Tristan
durfte seinen Vater nicht sehen. Zwei Tage musste er auf seinem Lager liegen bleiben, so lange hielt das Fieber an. Merla pflegte ihn, brachte nasse Tücher, getränkt mit Extrakten aus Wurzeln und Blüten, und legte sie ihm auf die Brust, damit das kleine Herz langsamer schlage. Immer wieder flößte sie ihm Katzenkrauttee ein, zu essen bekam er Brei aus Dinkel und wildem Hafer. Auch Floräte besuchte ab und zu ihren kleinen Jungen, aber die meiste Zeit verbrachte sie bei ihrem Mann. Um zwei Kranke zugleich musste sie sich kümmern.

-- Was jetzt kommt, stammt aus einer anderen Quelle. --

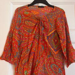 Färgglad blus med ett vackert paisleymönster i rosa, vitt och svart. Blusen har långa ärmar och en v-ringning.
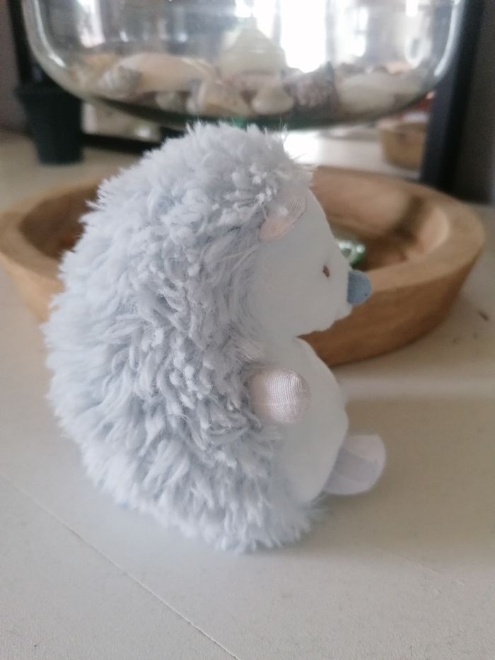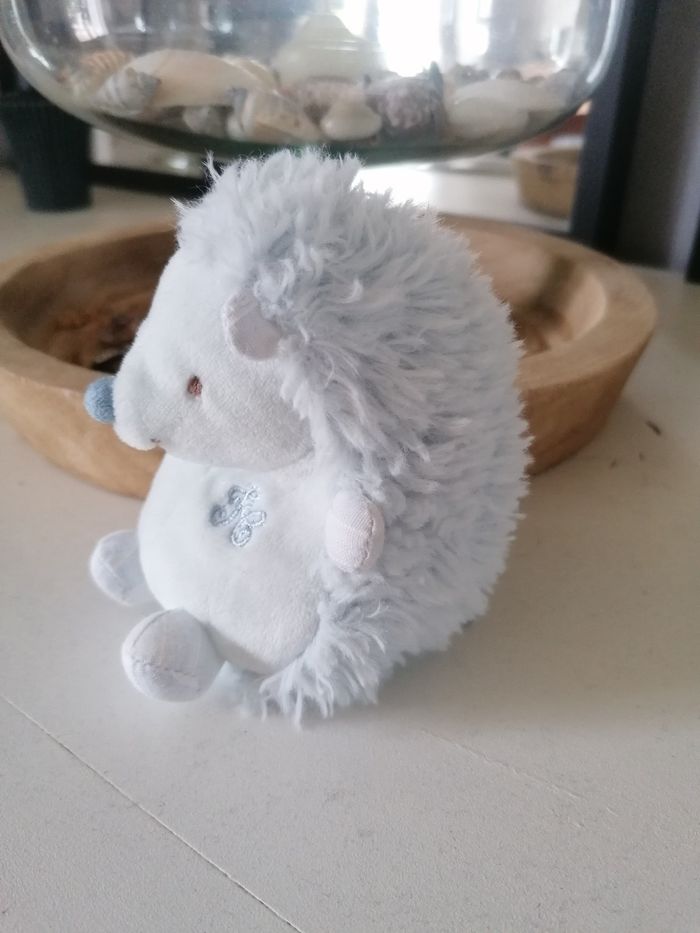 Doudou ou peluche Hérisson Bleu clair Très bon état Tartine et chocolat Hauteur environ 10cm

Rual hatte den Angriff von El Binin, einem aragonischen Raubritter, bei Ladonc im südöstlichen Grenzgebiet Parmeniens abwehren können. El Binin war überall bekannt. Er zog mit seiner Truppe gern zu unbewehrten Dörfern, nahm sich die Frauen, Vieh und Getreide und verschwand mit seiner Beute. Der französische König duldete ihn, solange El Binin sich an fremdem Gut bereicherte und nicht an dem seiner Lehnsmänner. Wer es mit ihm zu tun bekam, hatte oft das Nachsehen, denn der Ritter und seine Leute waren unberechenbar. Sie zogen durch die Wälder, kampierten in Verstecken und schlugen aus heiterem Himmel zu. Die zu Hilfe gerufenen Truppen kamen immer zu spät, ritten ratlos und voll ohnmächtigen Zorns in die geplünderten Dörfer ein.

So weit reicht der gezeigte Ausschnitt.